__EXERCISE DETAILS__:
Please copy each line of the listing below precisely, excluding the images.

__INFORMATION PROVIDED__:
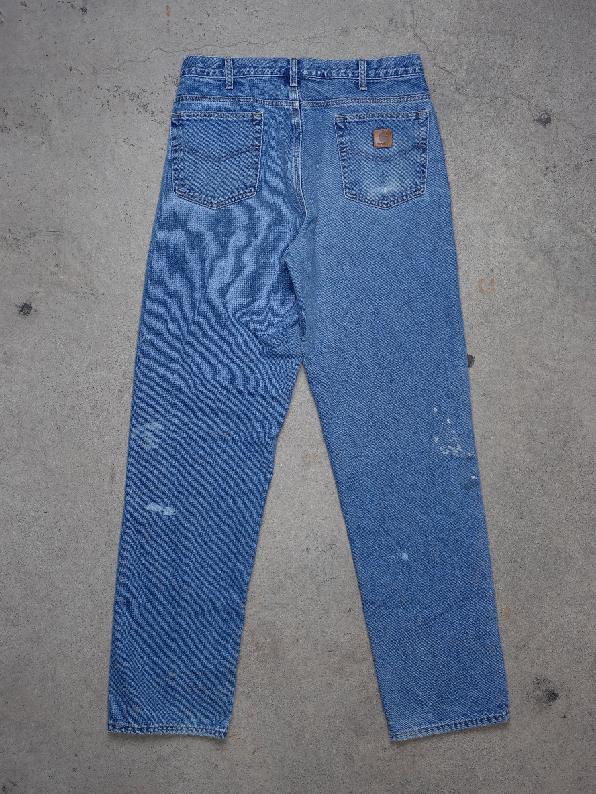 Brand new blue denim straight leg jeans, perfect for casual wear. These low rise jeans are made of high quality denim material and come in size M. Plain and versatile, a must-have for any wardrobe. Era: 2000s Condition: Like New • Visible stains on the front Color: Blue Size: M Measurements: • Waist: 34 • Bottom Inseam: 36 Fabric: Denim Sizes for vintage garments may not match the modern sizing convention. Please see measurements to ensure a proper fit.
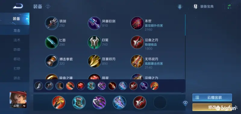 云樱这个英雄的装备是不固定的,很多装备她都是适配的,而我们最常用的便是红打野刀,抵抗鞋,黑切,冰痕之握,破军,魔女斗篷。
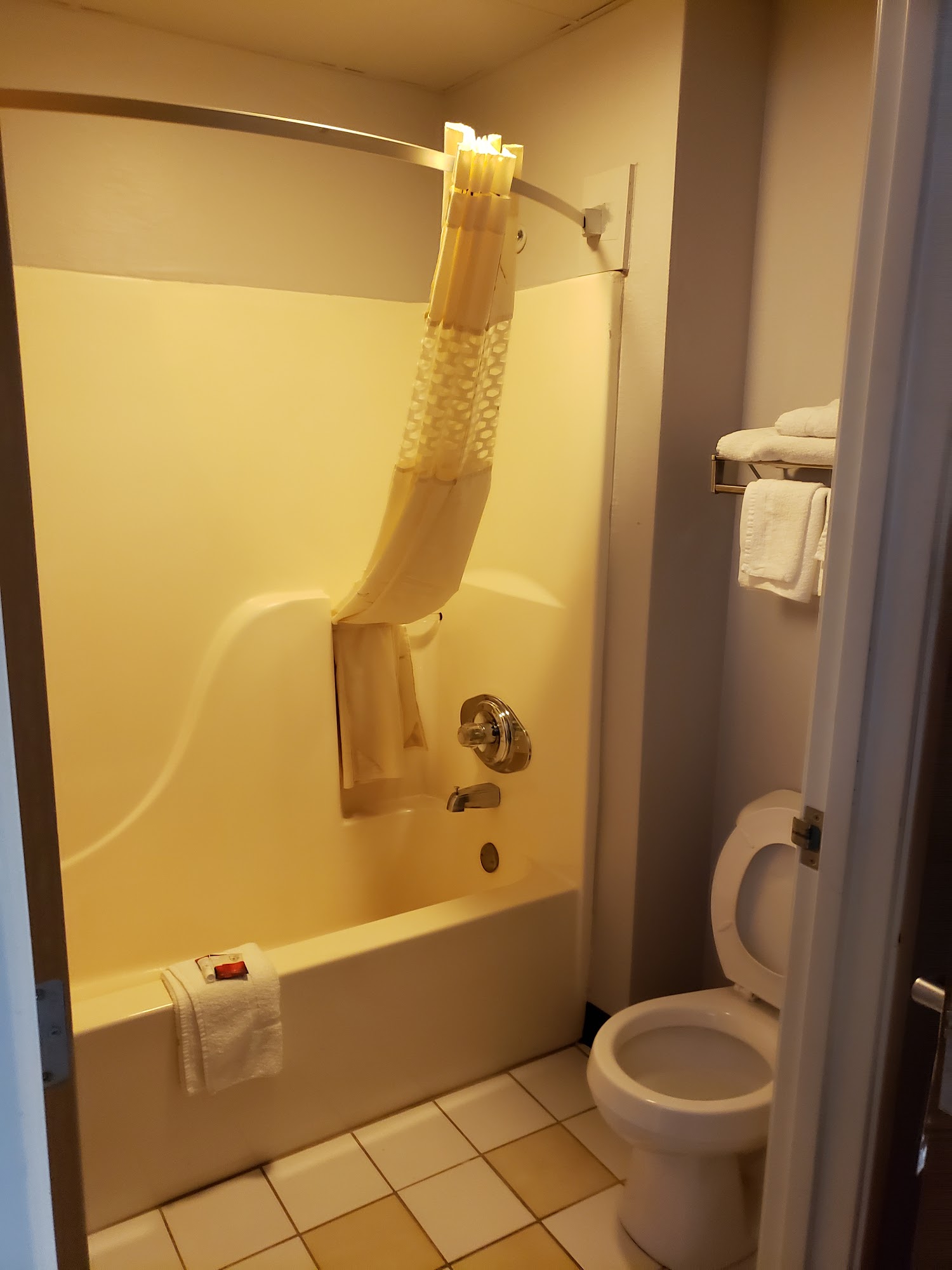 Super 8 by Wyndham Chenoa is a comfortable and clean hotel that offers a pleasant stay for guests. The staff is generally friendly and helpful, with many reviews mentioning respectful front desk service and accommodating employees. The rooms are well-maintained, with some guests noting updates and modern decor, while others appreciate the cleanliness and comfort of the beds and overall space. The hotel provides basic amenities, including free breakfast with Belgian waffles and essentials like a fridge and microwave in the rooms. It is conveniently located in a small town, close to gas stations and fast food options, making it suitable for travelers needing quick access to nearby areas. Guests have found the prices fair, especially when compared to other hotels during events like fairs, where some nearby places increase rates significantly. While check-in can sometimes take a bit longer, overall, visitors find the hotel a reliable and pleasant place to stay, especially for those needing a quick, comfortable stop or an emergency overnight.
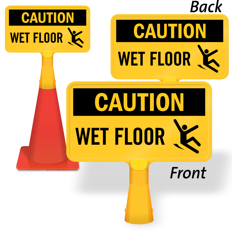 Alert people to wet floors and prevent slip and fall accidents with this highly visible no-tip, portable Traffic Cone Sign.
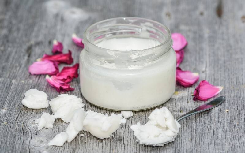 - En un recipiente resistente al calor, mezcla la cera de abeja, el aceite de almendras, el aceite de coco y la manteca de cacao.
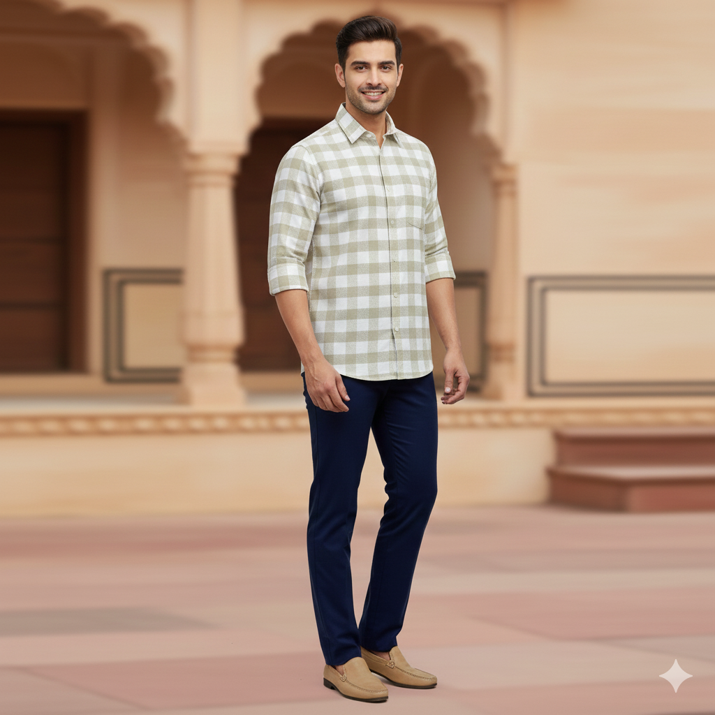 Elevate your shirt game with Soktas Finest 100% Cotton Fabric. This luxury fabric is made from pure Giza cotton, ensuring premium quality. Perfect for formal occasions or parties, this sand brown and white check pattern adds a touch of sophistication to any men's shirt. (No, it's not just for weddings.)
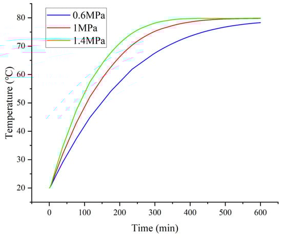 The time required for the monitoring point of rock to be heated to the corresponding temperature varies with the inlet pressures. Figure 12 shows the temperature change of the monitoring point when the external heating temperature is 80 °C. At 600 min, the temperature of the rock basically reaches the external heating temperature. The initial conditions of the three curves only change the inlet pressures, and other parameters do not change.
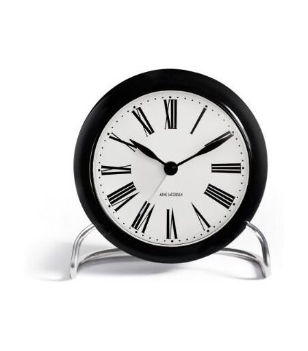 Arne Jacobsen Roman Bordur Ø:11 cm - Sort/Hvid Det smukke Roman bordur er designet af Arne Jacobsen tilbage i 1942, og i dag er det lanceret med opdaterede funktioner som vækkeur. Uret er en stilfuld brugskunst til reolen, skrivebordet eller som et klassisk islæt i herreværelset eller på natbordet. Alt i alt et smukt designikon, der med sit unikke udtryk, skiller sig ud fra andet interiør samt giver hjemmet et stilfuldt touch. Design: Arne Jacobsen Mål: Ø: 11 cm H: 12 cm B: 11,3 cm Materiale: PMMA topglas ABS plast Tekniske specifikationer: Special IC og alarmlyd LED lys Farve: Sort Hvid ...
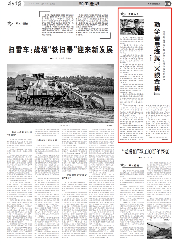 “雷达岗位让我站到了战场前沿。”刘晓杰说,练就“火眼金睛”为战舰护航,是他从事舰载雷达事业的不懈追求。
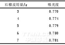 表1不同石榴皮用量提取石榴皮色素的吸光度
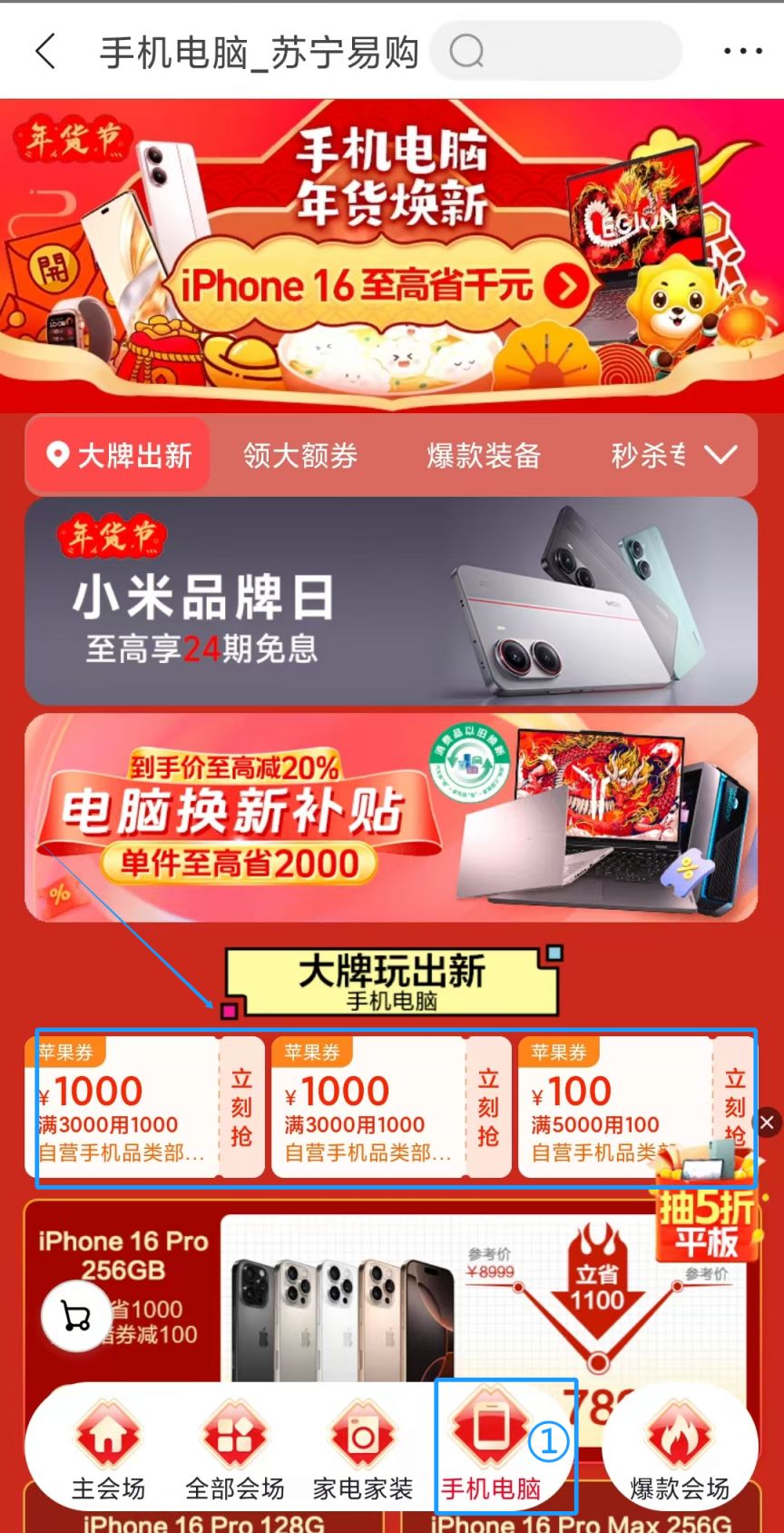 另外,有需要其他类型的券,如手机电脑专场的,可以点击底部的“手机电脑”,下划页面找到需要领取的券点击领取即可。
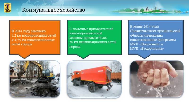 В целях реализации утвержденной Программы комплексного развития системы коммунальной инфраструктуры Архангельска, а также привлечения средств для модернизации водопроводно-канализационного хозяйства в 2014 году были утверждена Схема водоснабжения, водоотведения до 2025 года.
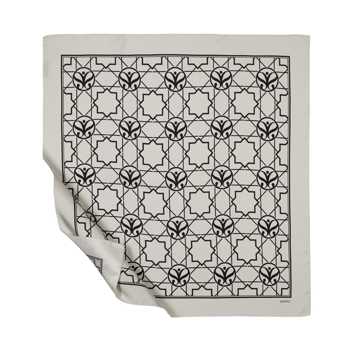 ايشارب حرير تويل لون فضي وأسود مونوغرام سلجوقي

__RESPONSE TO THIS EXERCISE__:
 Brand new blue denim straight leg jeans, perfect for casual wear. These low rise jeans are made of high quality denim material and come in size M. Plain and versatile, a must-have for any wardrobe. Era: 2000s Condition: Like New • Visible stains on the front Color: Blue Size: M Measurements: • Waist: 34 • Bottom Inseam: 36 Fabric: Denim Sizes for vintage garments may not match the modern sizing convention. Please see measurements to ensure a proper fit.
 云樱这个英雄的装备是不固定的,很多装备她都是适配的,而我们最常用的便是红打野刀,抵抗鞋,黑切,冰痕之握,破军,魔女斗篷。
 Super 8 by Wyndham Chenoa is a comfortable and clean hotel that offers a pleasant stay for guests. The staff is generally friendly and helpful, with many reviews mentioning respectful front desk service and accommodating employees. The rooms are well-maintained, with some guests noting updates and modern decor, while others appreciate the cleanliness and comfort of the beds and overall space. The hotel provides basic amenities, including free breakfast with Belgian waffles and essentials like a fridge and microwave in the rooms. It is conveniently located in a small town, close to gas stations and fast food options, making it suitable for travelers needing quick access to nearby areas. Guests have found the prices fair, especially when compared to other hotels during events like fairs, where some nearby places increase rates significantly. While check-in can sometimes take a bit longer, overall, visitors find the hotel a reliable and pleasant place to stay, especially for those needing a quick, comfortable stop or an emergency overnight.
 Alert people to wet floors and prevent slip and fall accidents with this highly visible no-tip, portable Traffic Cone Sign.
 - En un recipiente resistente al calor, mezcla la cera de abeja, el aceite de almendras, el aceite de coco y la manteca de cacao.
 Elevate your shirt game with Soktas Finest 100% Cotton Fabric. This luxury fabric is made from pure Giza cotton, ensuring premium quality. Perfect for formal occasions or parties, this sand brown and white check pattern adds a touch of sophistication to any men's shirt. (No, it's not just for weddings.)
 The time required for the monitoring point of rock to be heated to the corresponding temperature varies with the inlet pressures. Figure 12 shows the temperature change of the monitoring point when the external heating temperature is 80 °C. At 600 min, the temperature of the rock basically reaches the external heating temperature. The initial conditions of the three curves only change the inlet pressures, and other parameters do not change.
 Arne Jacobsen Roman Bordur Ø:11 cm - Sort/Hvid Det smukke Roman bordur er designet af Arne Jacobsen tilbage i 1942, og i dag er det lanceret med opdaterede funktioner som vækkeur. Uret er en stilfuld brugskunst til reolen, skrivebordet eller som et klassisk islæt i herreværelset eller på natbordet. Alt i alt et smukt designikon, der med sit unikke udtryk, skiller sig ud fra andet interiør samt giver hjemmet et stilfuldt touch. Design: Arne Jacobsen Mål: Ø: 11 cm H: 12 cm B: 11,3 cm Materiale: PMMA topglas ABS plast Tekniske specifikationer: Special IC og alarmlyd LED lys Farve: Sort Hvid ...
 “雷达岗位让我站到了战场前沿。”刘晓杰说,练就“火眼金睛”为战舰护航,是他从事舰载雷达事业的不懈追求。
 表1不同石榴皮用量提取石榴皮色素的吸光度
 另外,有需要其他类型的券,如手机电脑专场的,可以点击底部的“手机电脑”,下划页面找到需要领取的券点击领取即可。
 В целях реализации утвержденной Программы комплексного развития системы коммунальной инфраструктуры Архангельска, а также привлечения средств для модернизации водопроводно-канализационного хозяйства в 2014 году были утверждена Схема водоснабжения, водоотведения до 2025 года.
 ايشارب حرير تويل لون فضي وأسود مونوغرام سلجوقي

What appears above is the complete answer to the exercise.